ABSTRACT
This chapter seeks to further examine the various trafficking contests and problems and considers whether a migration order framework based on the work of Van Hear (1998) or a consideration in the specific form of a crisis in a transitional migration order 1 and analytical matrix might offer a useful means to understanding the experiences of trafficked women. This chapter takes seemingly disparate aspects of the various trafficking problems and suggests that it is possible to accommodate many of these supposedly conflicting experiences within the various layers of a crisis in a transitional migration order (Van Hear 1998). An analytical matrix is used for assisting these considerations.
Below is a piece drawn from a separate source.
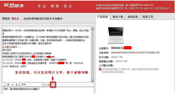 5、进入以后开始排队,等待人工服务,用户界面有一个白色类似纸张的“发送按钮”可以发送图片文件,便于故障判断。右侧是产品信息。

Such an integrated conceptualisation of trafficking is then proposed as a better way of explaining and understanding trafficking than the current theories which are often based on more limited notions of migration or economic theory. This chapter also analyses how the most commonly presented focal problem of trafficking is conceptualised which consequently then influences how trafficking is theorised. This analysis will examine how this focal problem drives anti-trafficking interventions and whether trafficking is an event that is experienced beyond the remit of any single focal problem. An analysis of these interventions will then identify if the trafficking problems have been correctly prioritised, as a failure to reduce or mitigate trafficking through the interventions would suggest either that:
the interventions have been inadequately implemented
such interventions are an inadequate response to the problem
the supposed problem is not the focal problem of trafficking
trafficking has a number of key focal problems that must be addressed simultaneously
or the conceptualisation that identified the focal problem is flawed.